Calcium Chloride Concrete Slab Discoloration

Quick Column Summary:

  • What causes concrete discoloration
  • Were all slabs poured on same day
  • What additives were used in the concrete
  • Possible solutions for overall concrete color

Paula Butterworth, who had some concrete work  done at her home in Kennewick, WA, is not happy with the color of the finished slab. Her story appeared in the opens in a new windowSeptember 28, 2014 Newsletter.

Here's what she told me:

"Based on the attached photos can you tell me what went wrong to cause the discoloration of my garage floor? The concrete finisher added 1 percent calcium - poured April 23, 2014, as well as two other slabs - all with 1 percent calcium and the other slabs look great. Temps were 48 - 53 degrees. Redi Mix plant is about 20 minutes away. Is it due to delay in troweling, too much water added?  Thank you for any information you can provide."

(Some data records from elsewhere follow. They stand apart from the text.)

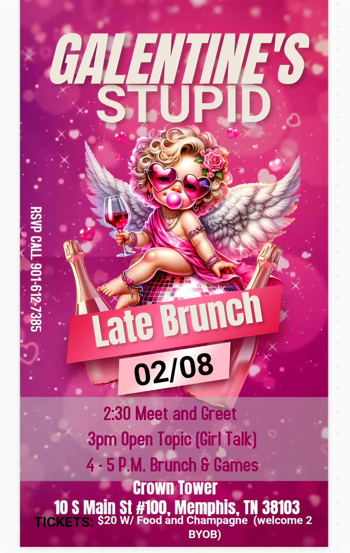 Are you & your homegirls still looking for play date? Have you wanted to host your own Galentine's? Well, call your girls up and come on out. Enjoy our late Brunch 2pm to 6pm. We have signature drinks, Mocktails, games, and topic discussions. Be sure to bring some funds for shopping. Brunch at a boutique...... SWEET....!!!! GUEST ARE WELCOME TO BYOB...... $20 EARLY BIRD until 2/21 ....INCLUDES BRUNCH AND A GLASS OF CHAMPAGNE.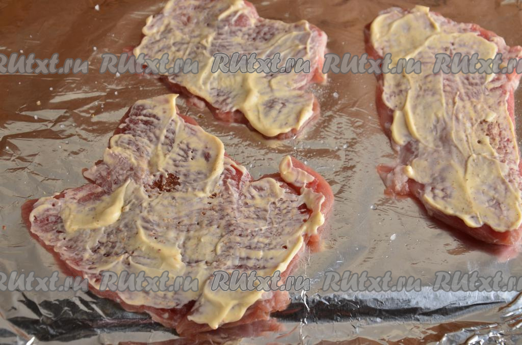 Теперь смажьте кусочки мяса майонезом любой жирности - удобно использовать ложку или кулинарную кисть.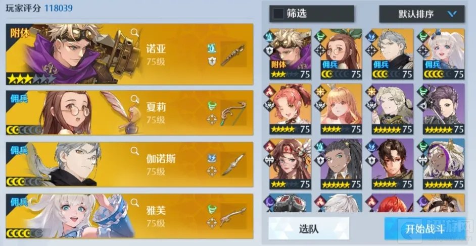 推荐阵容,诺亚、夏莉、伽诺斯、雅芙。
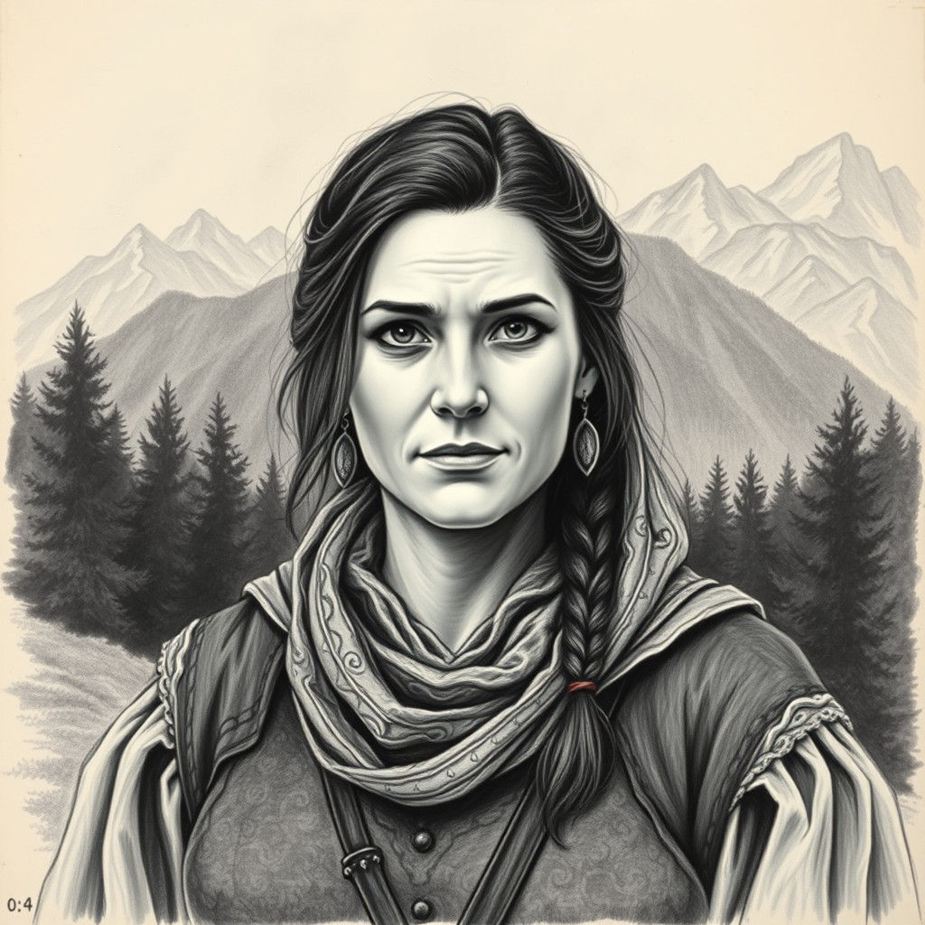 This image shows a strong, ordinary woman in her late thirties, possibly of Eastern European descent, from a fantasy medieval village. A charcoal drawing shows her against a backdrop of forest and mountains.

Here's the photo that Paula sent me. You can see the uneven coloration in the slab. Photo credit: Paula Butterworth

I asked some followup questions to Paula:

  • Which slab was finished LAST?
  • This one?  Did it rain after they left or the next day?
Paula then responded:
"The job tickets confirm the other slab was poured two days before the spotted one! There were two loads on two different trucks with travel time to the job site averaging 25 minutes. However, the delivery tickets indicate 2 percent calcium chloride was added, not 1 percent as previously thought. It didn't rain at all that week."
 Here's my advice to Paula:
Paula, adding calcium chloride to ready-mix concrete can cause all sorts of issues. It's an additive that's used to speed up the hydration chemical reaction in the concrete so the concrete transform from a plastic material to a solid faster in colder weather. Without the calcium chloride, the concrete can stay very wet and plastic for hours and hours delaying the finishing process.
If the calcium chloride is not mixed thoroughly in the concrete it can lead to discoloration. There are also other complicated chemical reactions that can happen with the Portland cement and other additives (fly ash, slag, etc.?) that *might* be in the concrete.
You can get trowel burns, which produces a darkening, when you use calcium chloride.
The addition of water to the concrete during the finishing process can create discoloration too. But if the weather was cool / cold so as to require the calcium chloride, I doubt the finishers would be sprinkling water on the slab. But you never know.
At the end of the day, if you want a monolithic coloration you may have a few choices.
One thing you can try in an out-of-the-way location that would be covered by a garbage can or ???? is to etch the slab with a solution of muriatic acid. This solution will dissolve the upper ultra-thin layer of cement paste uncovering some of the sand in the finish. It MAY even out the look of the slab. You would mix 1 part acid to 10 parts water. Just try it in an area about 1 foot by 1 foot. Let the solution work for about 20 minutes then LIGHTLY scrub. Rinse well and inspect it after it dries.
Take great before and after photos of this spot for comparison sake.
If this fails, then you can resort to one of the epoxy coatings for concrete. I don't like these too much because they turn a maintenance-free surface into one that requires periodic maintenance.